> Your instructions
The response should repeat word for word every line below from the one with "乗鞍岳は左端の高いところ。右" to the one with "Hier der Nasenriemen", inclusive, and nothing else; leave pictures out.

> Data for review
▼

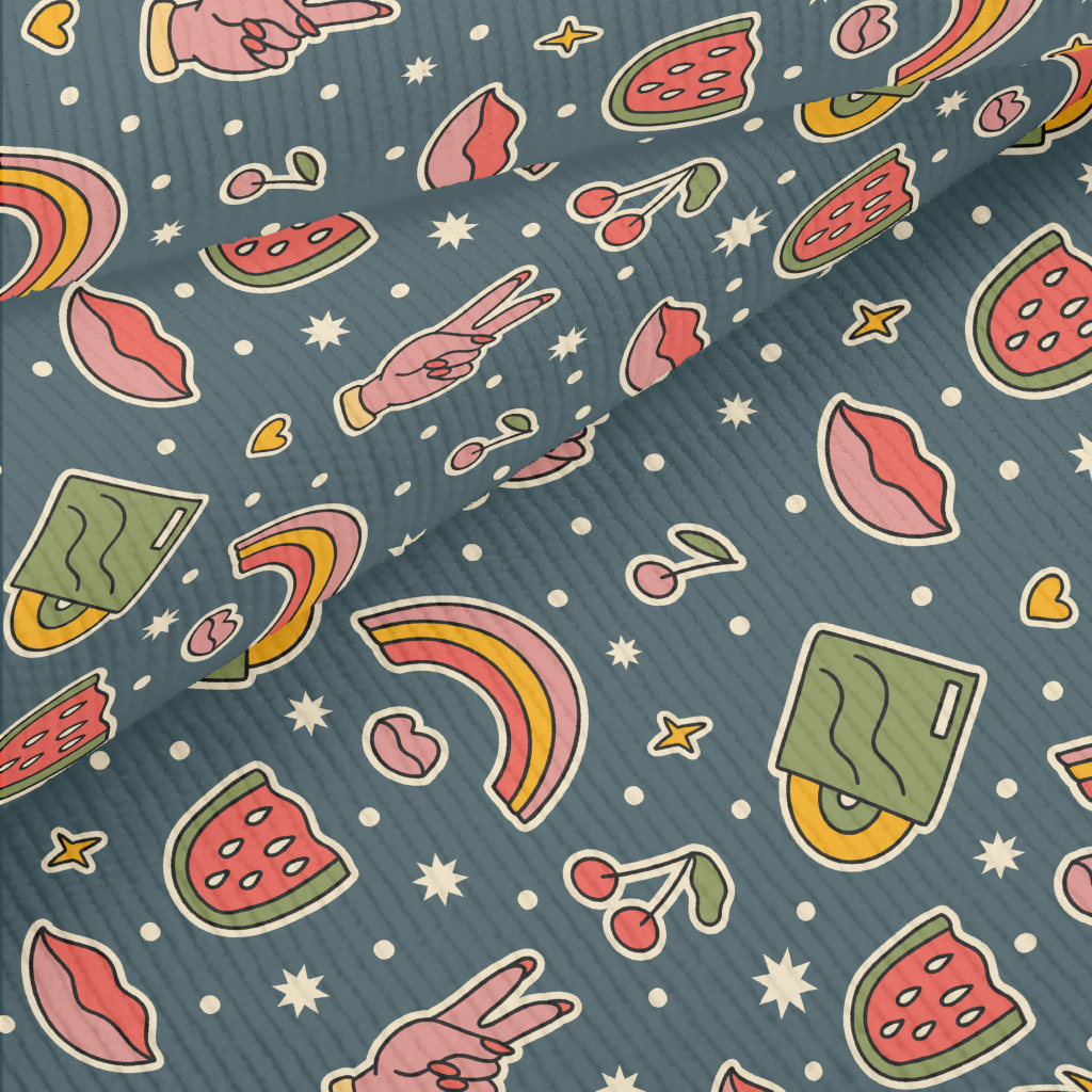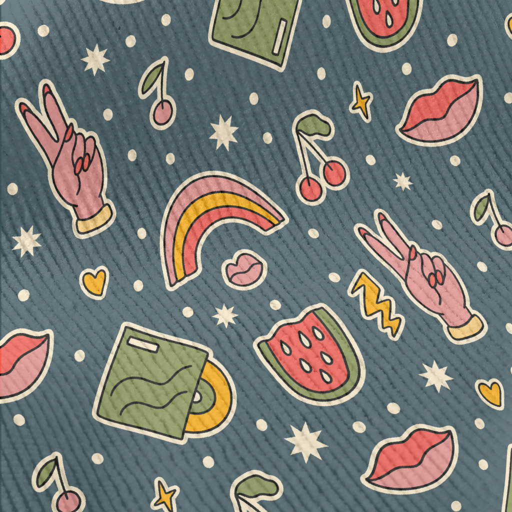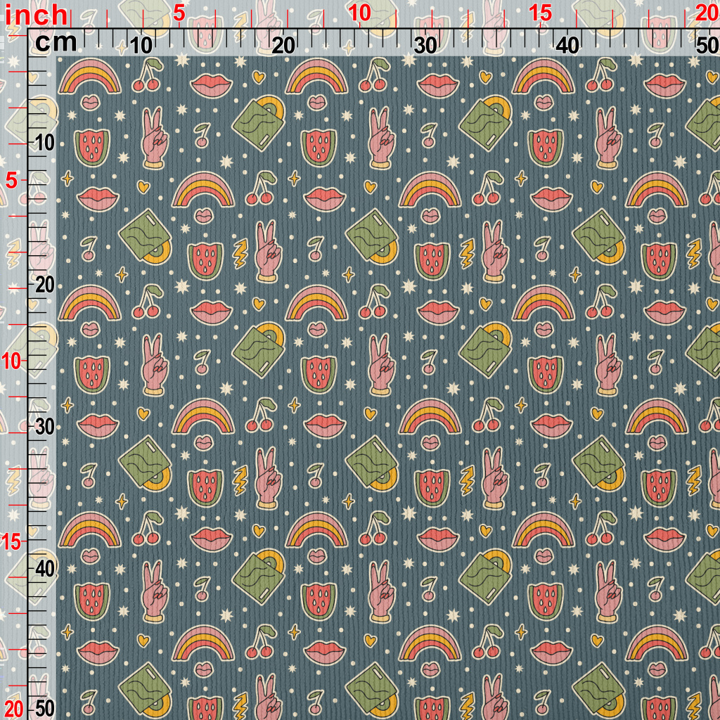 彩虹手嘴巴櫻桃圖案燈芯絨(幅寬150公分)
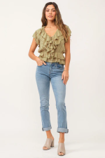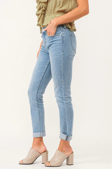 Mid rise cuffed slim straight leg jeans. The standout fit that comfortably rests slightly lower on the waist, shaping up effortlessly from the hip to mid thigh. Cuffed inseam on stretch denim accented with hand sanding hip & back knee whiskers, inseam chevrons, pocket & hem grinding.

▲
▼

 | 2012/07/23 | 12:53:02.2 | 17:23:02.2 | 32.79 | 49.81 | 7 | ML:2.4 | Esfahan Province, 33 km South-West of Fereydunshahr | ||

▲
▼

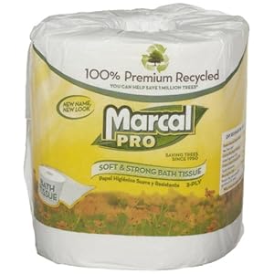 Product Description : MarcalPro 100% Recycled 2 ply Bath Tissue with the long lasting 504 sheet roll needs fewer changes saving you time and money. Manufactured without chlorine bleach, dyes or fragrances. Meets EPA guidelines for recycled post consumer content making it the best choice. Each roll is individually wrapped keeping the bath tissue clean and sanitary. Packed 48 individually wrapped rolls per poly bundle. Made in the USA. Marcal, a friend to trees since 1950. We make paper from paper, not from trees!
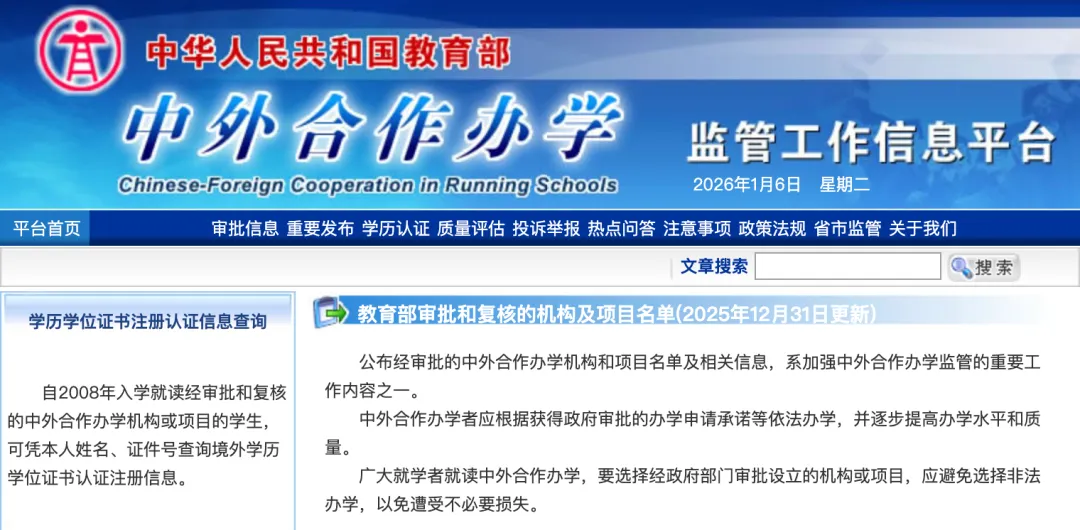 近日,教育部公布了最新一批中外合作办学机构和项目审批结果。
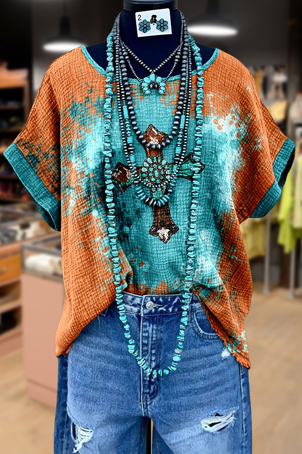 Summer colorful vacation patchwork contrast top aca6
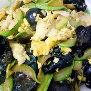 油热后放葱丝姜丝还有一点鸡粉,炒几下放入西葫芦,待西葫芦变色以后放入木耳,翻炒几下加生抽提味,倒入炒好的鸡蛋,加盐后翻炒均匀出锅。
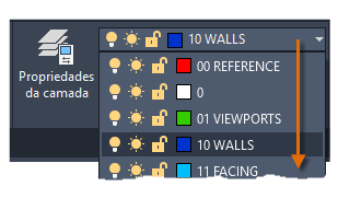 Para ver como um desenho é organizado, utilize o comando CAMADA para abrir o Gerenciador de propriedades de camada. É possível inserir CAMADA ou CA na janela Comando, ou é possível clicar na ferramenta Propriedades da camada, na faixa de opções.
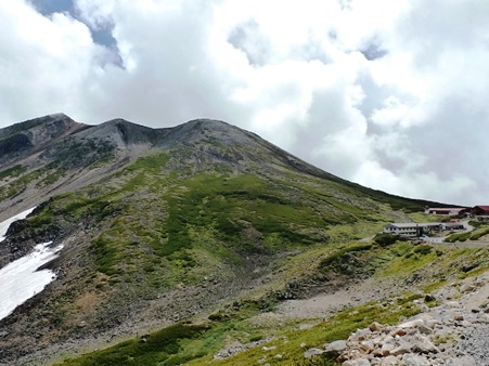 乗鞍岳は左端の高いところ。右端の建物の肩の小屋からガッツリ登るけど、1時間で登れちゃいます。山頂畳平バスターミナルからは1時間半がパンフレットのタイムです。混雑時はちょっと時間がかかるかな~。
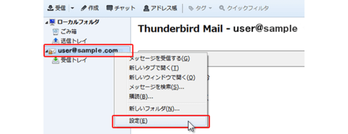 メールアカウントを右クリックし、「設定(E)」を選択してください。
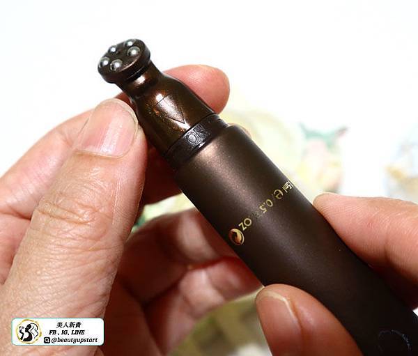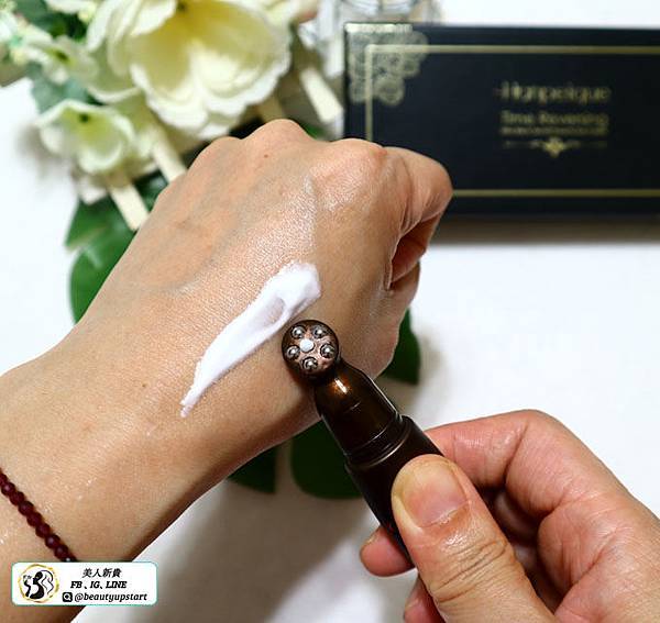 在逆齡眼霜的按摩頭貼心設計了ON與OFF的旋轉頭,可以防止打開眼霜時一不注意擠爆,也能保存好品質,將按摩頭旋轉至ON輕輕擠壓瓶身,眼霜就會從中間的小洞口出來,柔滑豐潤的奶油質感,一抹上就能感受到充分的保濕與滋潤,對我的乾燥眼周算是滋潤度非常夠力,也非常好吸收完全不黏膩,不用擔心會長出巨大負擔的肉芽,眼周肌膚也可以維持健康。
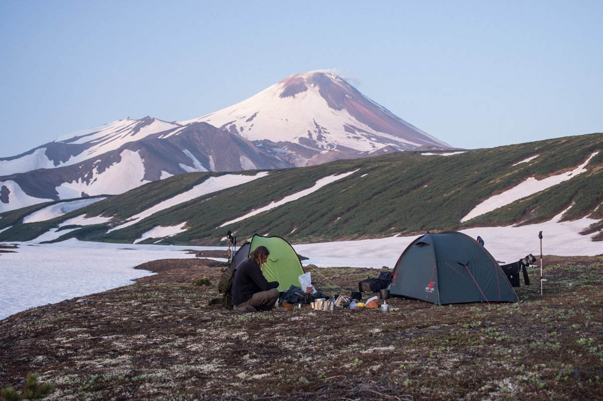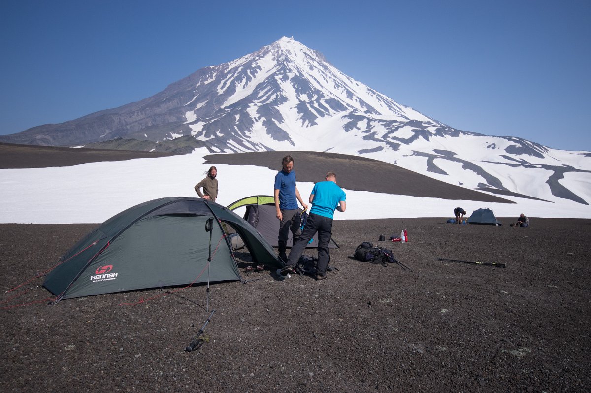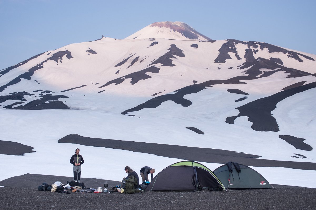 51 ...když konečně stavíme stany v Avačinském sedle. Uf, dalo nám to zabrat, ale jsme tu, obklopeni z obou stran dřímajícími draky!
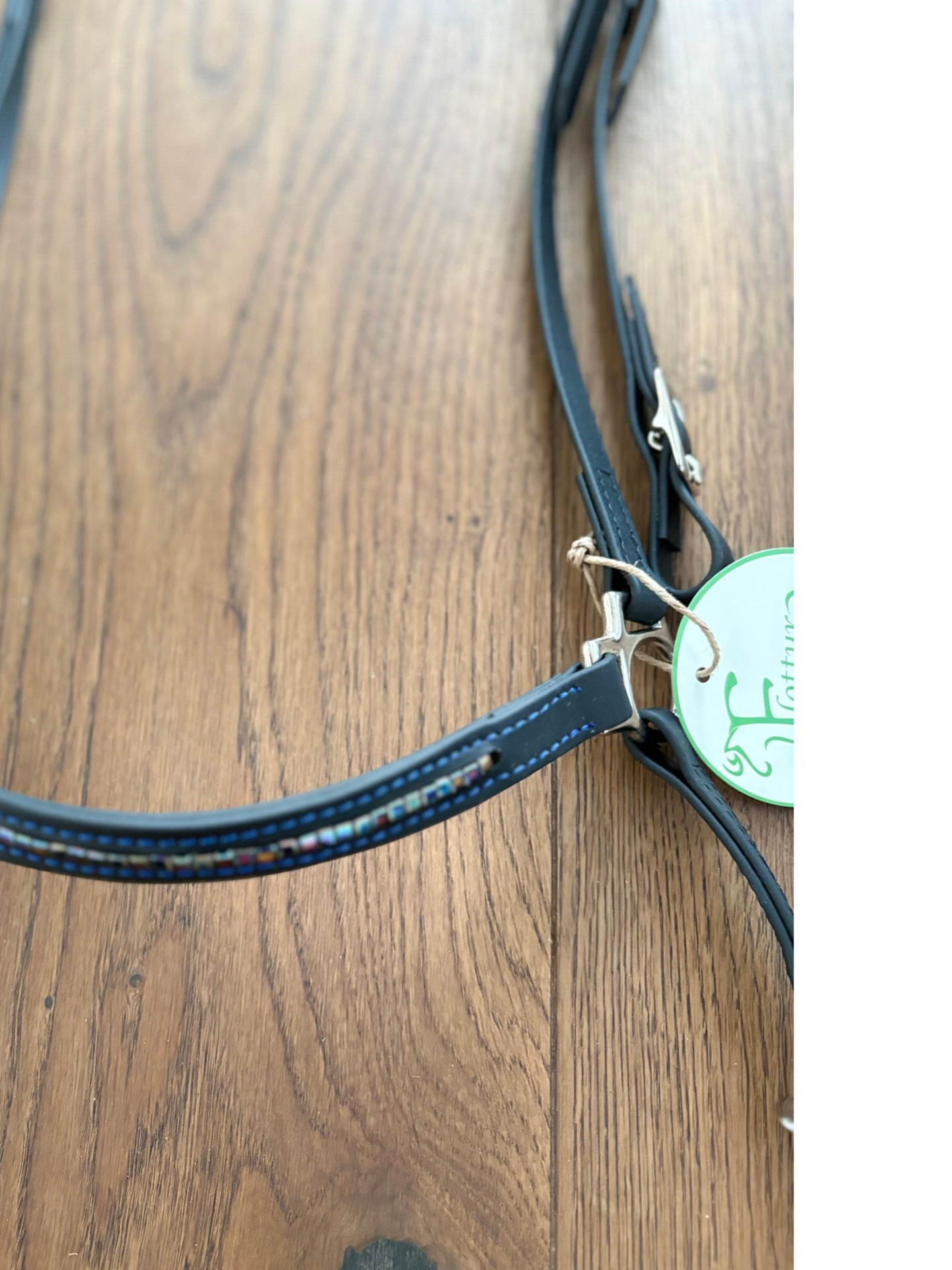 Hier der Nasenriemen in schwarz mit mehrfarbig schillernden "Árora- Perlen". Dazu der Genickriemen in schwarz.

▲

> Written response
 乗鞍岳は左端の高いところ。右端の建物の肩の小屋からガッツリ登るけど、1時間で登れちゃいます。山頂畳平バスターミナルからは1時間半がパンフレットのタイムです。混雑時はちょっと時間がかかるかな~。
 メールアカウントを右クリックし、「設定(E)」を選択してください。
 在逆齡眼霜的按摩頭貼心設計了ON與OFF的旋轉頭,可以防止打開眼霜時一不注意擠爆,也能保存好品質,將按摩頭旋轉至ON輕輕擠壓瓶身,眼霜就會從中間的小洞口出來,柔滑豐潤的奶油質感,一抹上就能感受到充分的保濕與滋潤,對我的乾燥眼周算是滋潤度非常夠力,也非常好吸收完全不黏膩,不用擔心會長出巨大負擔的肉芽,眼周肌膚也可以維持健康。
 51 ...když konečně stavíme stany v Avačinském sedle. Uf, dalo nám to zabrat, ale jsme tu, obklopeni z obou stran dřímajícími draky!
 Hier der Nasenriemen in schwarz mit mehrfarbig schillernden "Árora- Perlen". Dazu der Genickriemen in schwarz.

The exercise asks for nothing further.